The worst thing was the roof; the best
things were the ruins. These were my
thoughts as I stood at the chapel of the Ascension on the summit of the Mount
of Olives. This has been a site of
Christian meeting for centuries, the place where they gathered to commemorate
the Ascension of Christ into heaven. Before this site was built, Christians
gathered in the Eleona (Greek for “olive grove”), the Church built in the
fourth century over the cave on the Mount of Olives where Christ sat with His
four disciples Peter, James, John, and Andrew and spoke of the destruction of
Jerusalem and the end of the world (see Mk. 13). Of this spacious and splendid Eleona church
built over the cave, only fragments remain, near the so-called “Church of the
Pater Noster”. But in the early fourth
century, the Eleona flourished as the place where the Christians of Jerusalem
met to commemorate the Ascension of Christ.
Later a place was built nearby, at the present “chapel of the
Ascension”, and it was to this site that the pilgrim Egeria went later in the
fourth century to commemorate the Ascension.

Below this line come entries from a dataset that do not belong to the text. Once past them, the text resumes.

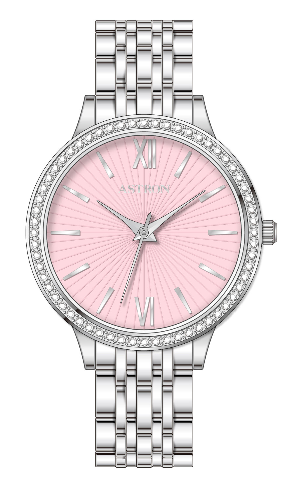Rózsaszín sugaras számlap ragyogó kő díszítéssel
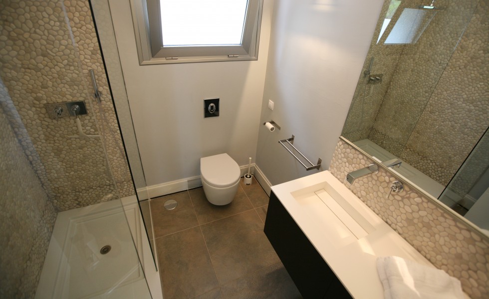 De badkamers zijn uitgerust met grote regendouche of ligbad en afgewerkt met designsanitair. De villa heeft een riante woonkamer met comfortabele zithoek, open eetkamer en Siematic keuken inclusief vaatwasmachine, heteluchtoven en grote koel-vrieskast.
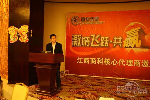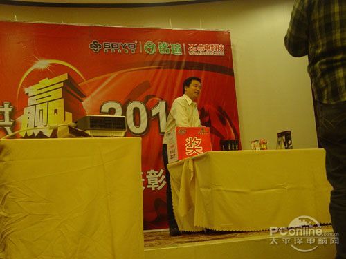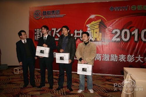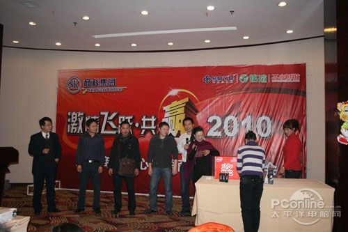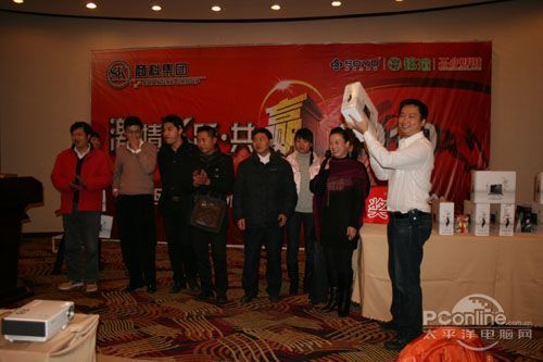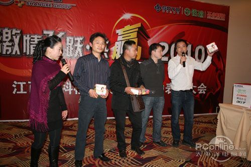 本次會(huì)議有眾多經(jīng)銷商應(yīng)邀赴會(huì),更有來自NVIDIA和intel的嘉賓光臨現(xiàn)場(chǎng),其中包括來自NVIDIA公司的彭華先生,以及INTEL公司的吳偉先生。而我們太平洋電腦網(wǎng)江西站作為到會(huì)的媒體代表,也被作為嘉賓介紹給大家。與上面的幾位重量級(jí)人物一起被主持人隆重介紹給廣大商家,筆者實(shí)在是感到有點(diǎn)汗顏!會(huì)議首先由NVIDIA公司的彭華先生為大家介紹阿凡達(dá)與NVIDIA的淵源(原來《阿凡達(dá)》出色的CG效果可是由NVIDIA的顯卡打造而成的)以及NVIDIA公司的新技術(shù)與政策。然后再由江西商科總經(jīng)理吳暉先生講話,再后就是對(duì)2009年度成績(jī)突出的商科合作伙伴進(jìn)行表彰頒獎(jiǎng)(獎(jiǎng)品非常豐厚哦,竟然是臺(tái)電上網(wǎng)本)。最后就是激動(dòng)全場(chǎng)的抽獎(jiǎng)活動(dòng)了!

In her day it was not a church, but a mere circular colonnade at the
summit of the Mount of Olives, a place to sit that was open to the sky. She called it “the Imbomen”, from the Greek “en
bouno”, “on the hillock”, and it was
a fairly modest structure. Later a
member of the Imperial family enlarged the Imbomen so that was functioned as an
actual church. It was later destroyed by
the Persians in the invasion of 614, and later still by the Muslims.
All that is left
of that larger church now are the ruins, along with the original Imbomen
structure, which stands about three meters by three meters. In Egeria’s day in the fourth century, this
structure was open to the sky, and one could stand in its center and look
upward to heaven, and remember how Christ ascended to the Father. The Muslims have bricked up the spaces
between the columns of the Imbomen, and put up a roof overtop it. They now charge a small fee for Christians to
enter and look at its empty, unadorned interior.